The task >> Set down exactly the lines from the one containing "Correa de goma marrón de 22mm. Sin uso. 15€." to the final line of the records below, with every picture omitted.

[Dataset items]

★ ★ ★ ★ ★ ★ ★

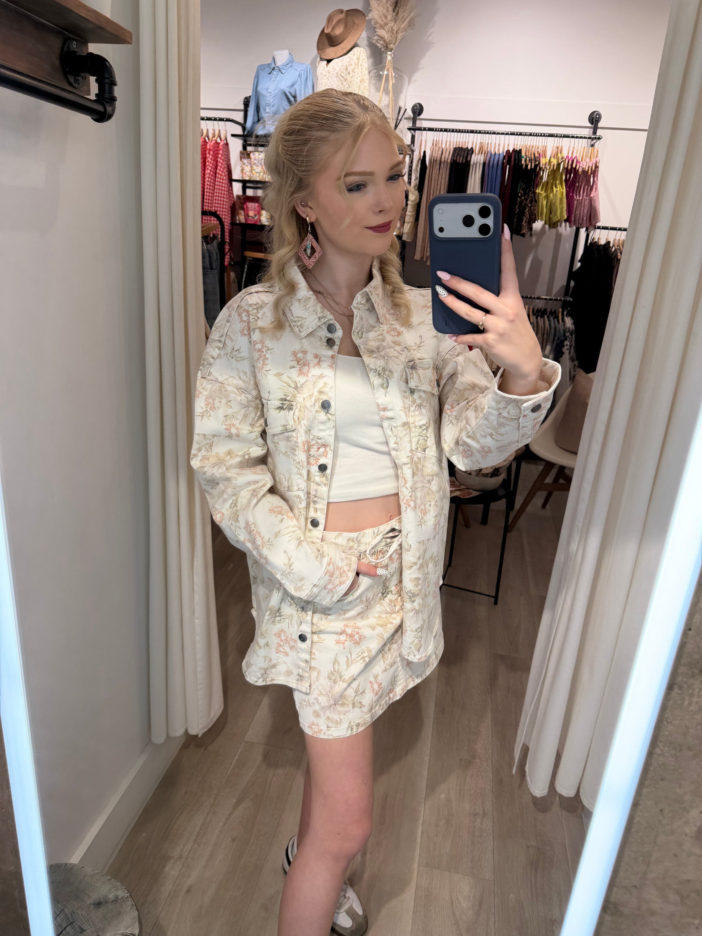 Meet the Floral Muse Shacket — the prettiest layer your wardrobe’s been waiting for From our beloved Canadian brand RD Style 🇨🇦 this dreamy piece is crafted from 100% cotton in a soft, breathable cream denim with the most delicate pastel floral print throughout. It’s lightweight with a touch of stretch, making it just as comfortable as it is effortlessly chic.
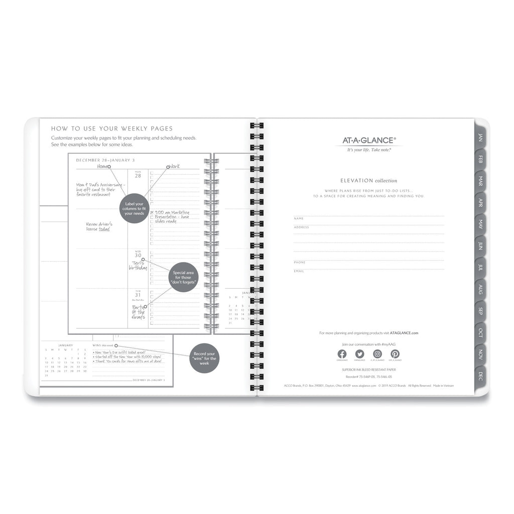 You'll wonder how you ever lived without it! This planner is guaranteed to last all year. Durable linen cover will hold up to the chaos. Plan your schedule for the entire year with pages that go from January to December. The unique weekly spreads give you open planning areas to keep track of all you do in one place. Take in your achievements at a glance (see what we did there?) on spacious monthly spreads. Hold it all together, from work to home and everywhere in between, with sturdy twin wire binding. Turn the page and leave the past behind. Our quality paper resists ink bleed. Includes ample space to capture your ambitions.
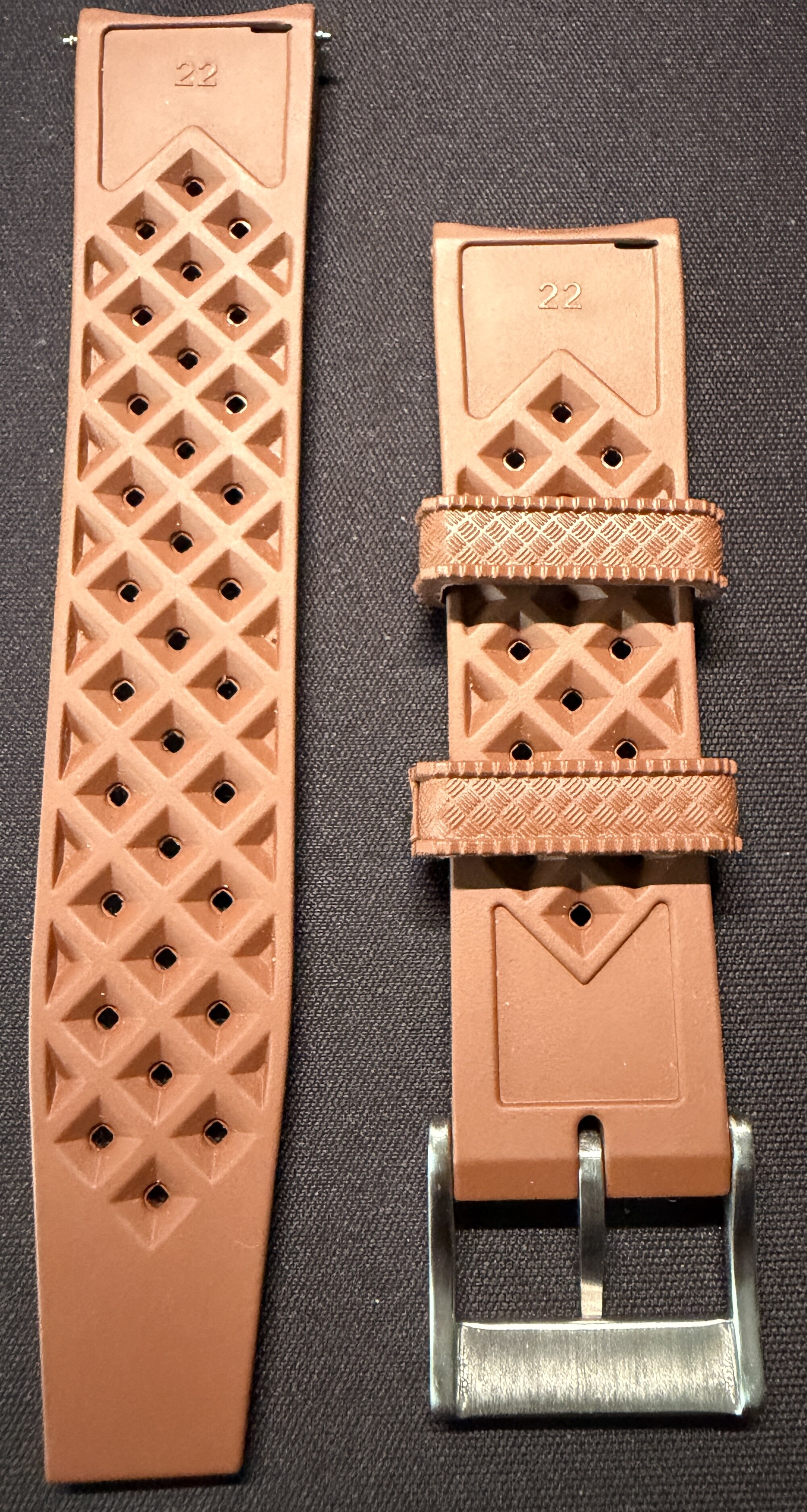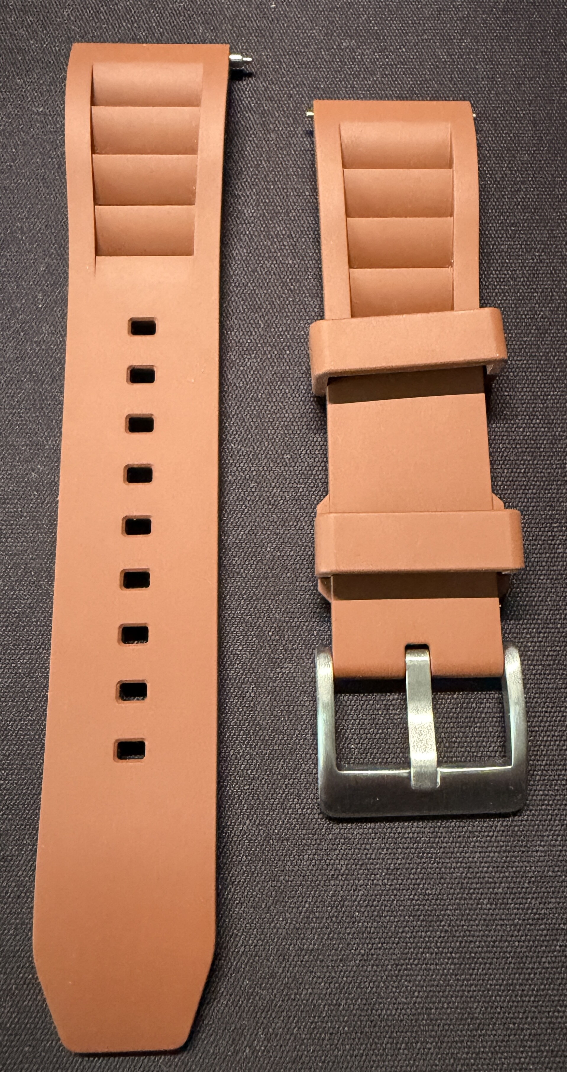 Correa de goma marrón de 22mm. Sin uso. 15€.
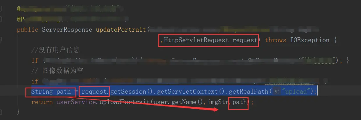 其实在HttpServletRequest中对我有用的信息是获取到容器的一个路径,所以将其提取,并修改传参。
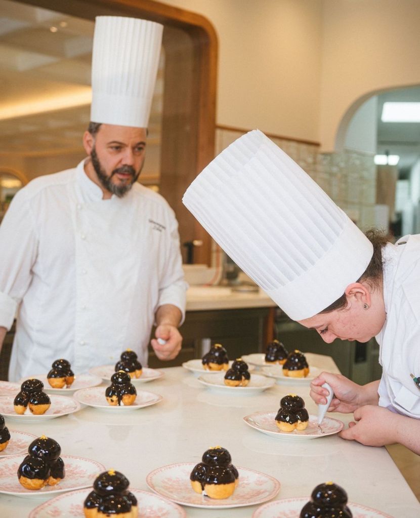 Accanto a lui lavorano due giovani pasticceri di Palazzo Adriano, in provincia di Palermo, Vittorio Masaracchia e Serena Barbato, che contribuiscono con il loro entusiasmo e competenze alla creazione di dolci d’alta pasticceria.
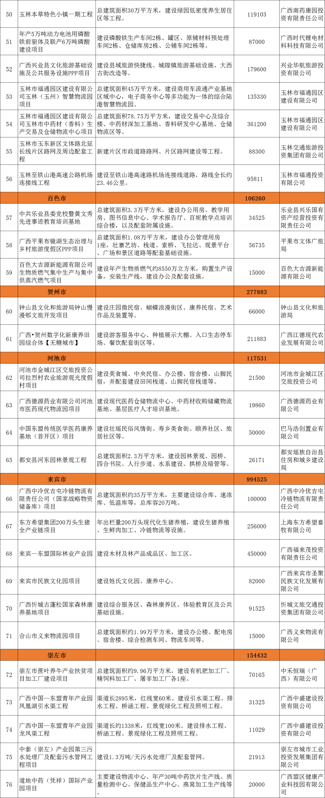 二、廣西鼎誠匯順投資有限公司茉莉花國際文化旅游康養特色小鎮項目(一期)因涉及需整改事項,相關整改要求另行通知。其余退出項目若繼續建設,各有關市(部門)仍需根據單位職能職責繼續做好相關服務工作。

★ ★ ★ ★ ★ ★ ★

Answer for the task >>
 Correa de goma marrón de 22mm. Sin uso. 15€.
 其实在HttpServletRequest中对我有用的信息是获取到容器的一个路径,所以将其提取,并修改传参。
 Accanto a lui lavorano due giovani pasticceri di Palazzo Adriano, in provincia di Palermo, Vittorio Masaracchia e Serena Barbato, che contribuiscono con il loro entusiasmo e competenze alla creazione di dolci d’alta pasticceria.
 二、廣西鼎誠匯順投資有限公司茉莉花國際文化旅游康養特色小鎮項目(一期)因涉及需整改事項,相關整改要求另行通知。其余退出項目若繼續建設,各有關市(部門)仍需根據單位職能職責繼續做好相關服務工作。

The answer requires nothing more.